There are variations on the main theme. An Ashram might be headed up by an accomplished yogi who is not yet Self-Realized but is working on it. Most often, they have been authorized by their own Guru and are directed and supported in the process. Other Ashrams were founded by a great Master, even decades or hundreds of years ago, with yogis continuing to live the lifestyle as well as to offer the teachings they have learned. 

Svaroopa® Vidya Ashram is my home, which I share with other dedicated seekers. We offer several retreats and trainings each year, with participants staying in our retreat center. Our yoga classes are offered online as well as locally in Downingtown PA. I set up our online Freebies almost ten years ago, then the pandemic opened up new possibilities. Thus you will find many online offerings on our program calendar, including twice-weekly meditation satsangs.

Like ours, the Ashrams you hear about and find in online searches generally offer retreats and trainings. Other Ashrams are closed to the public, allowing few visitors or none. 

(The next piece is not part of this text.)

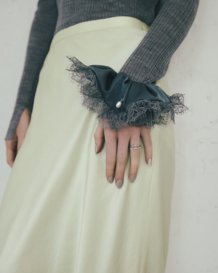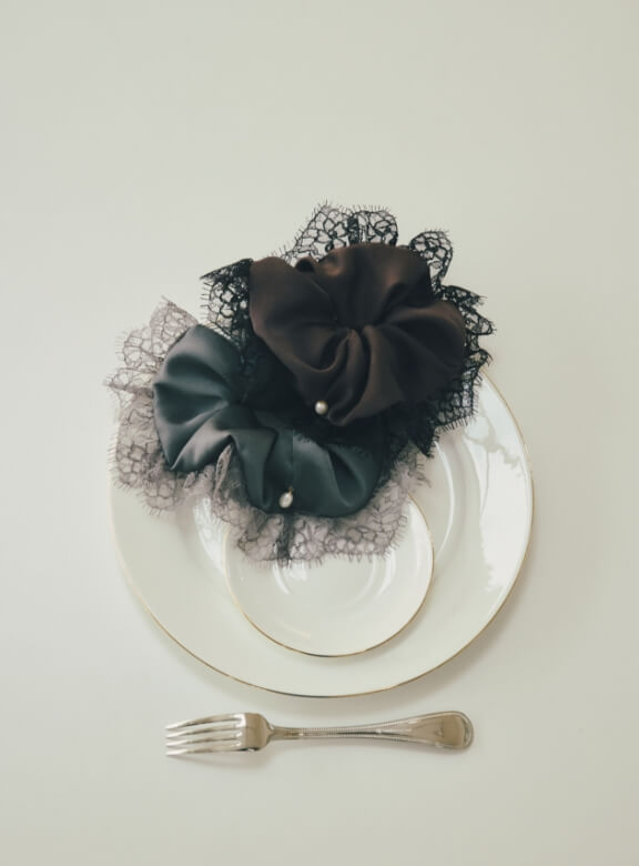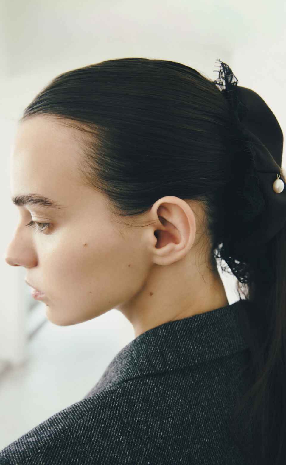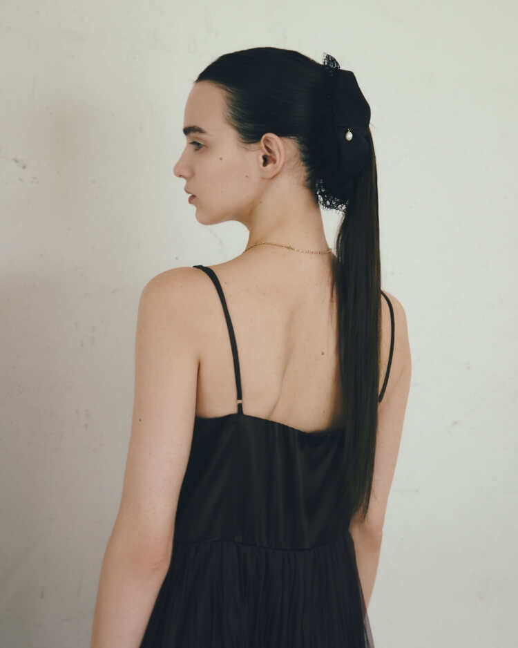 カラーもこだわっていて、肌がきれいに見えて柔らかなニュアンス感が出る、絶妙なグレーとブラウンの2色展開にしました。ランジェリーにも使用している高級感あるレースが、譲れないポイント。シュシュの大きさは結んだ時に前から見てレースが見えるように、贅沢に大きめのサイズで作っていただきました。ポニーテールにした時に頭の上にひらひらっとする感じがすごくかわいいんです。内側の素材はセミマットで高級感がある素材に。何回使ってもハリ感があってシワになりにくく、柔らかいけどふんわりハリ感が出るような素材で作っています。先端で揺れる可憐な淡水パールもポイント。つけた時にパールがチラッと見えるのもポイントです。」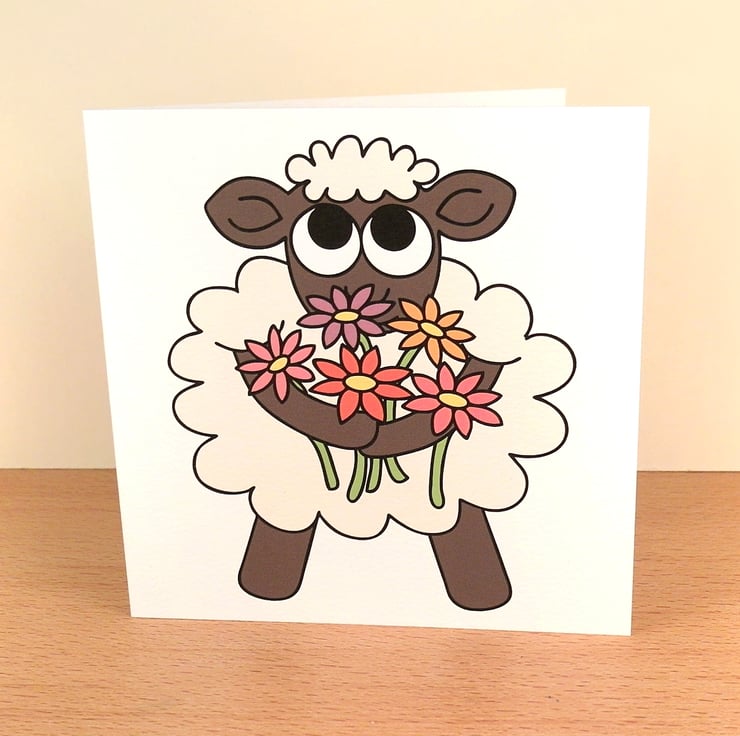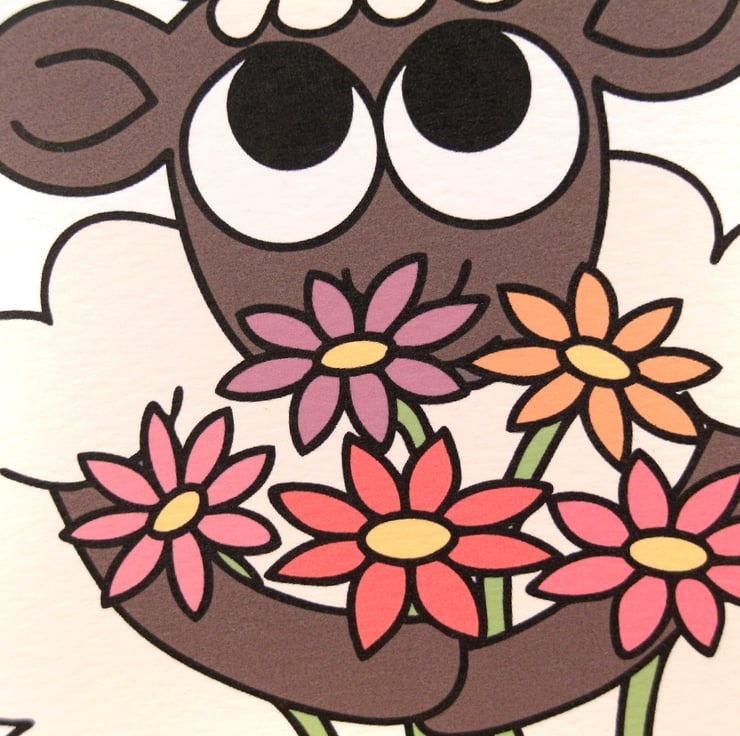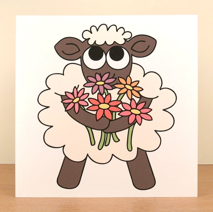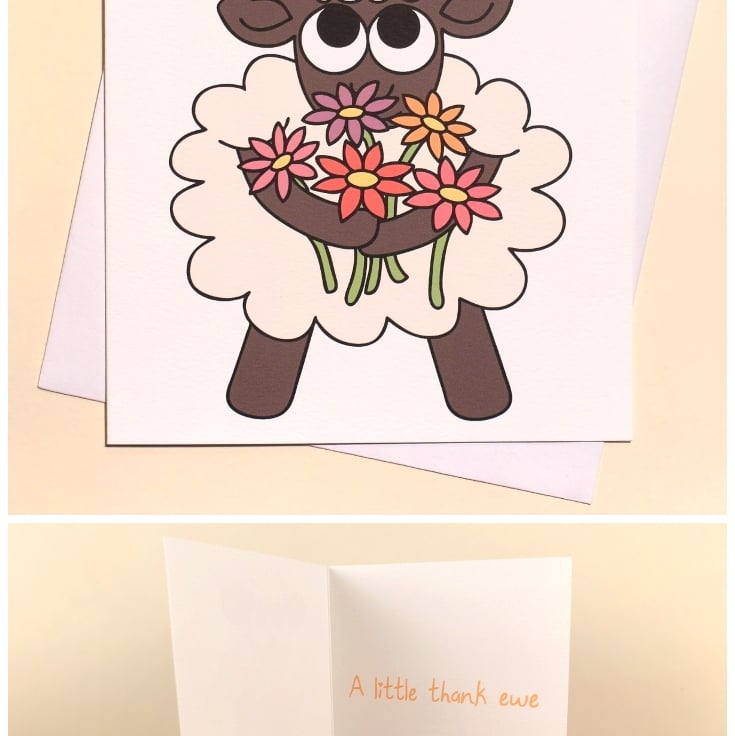 This thank you card features a cute sheep stood on two legs, looking up with big eyes as it holds a collection of colourful flowers it has gathered as a gift. Inside the card is the message "a little thank ewe".

I have visited and lived in many Ashrams in North America, Europe and India, both Yoga Ashrams and Buddhist ashrams. In spite of the different practices, different dress codes, and different meals, they share many commonalities. They usually follow a set schedule, with group meditations and other practices as well as group meals. The household tasks are shared by residents, who do the cooking, cleaning, gardening and errand running, just like you do for your own home. 

In my years of residency with my Guru, we began the day at 3:30 with a morning chant followed by meditation. At 5:15 am, we got chai, a sweet-spicy milk tea. Then we chanted until 7 am. Breakfast was optional. Our day alternated between work periods, more chanting and meals, ending with a long chant at night and bedtime by 9 pm. I felt that I was living in heaven on earth!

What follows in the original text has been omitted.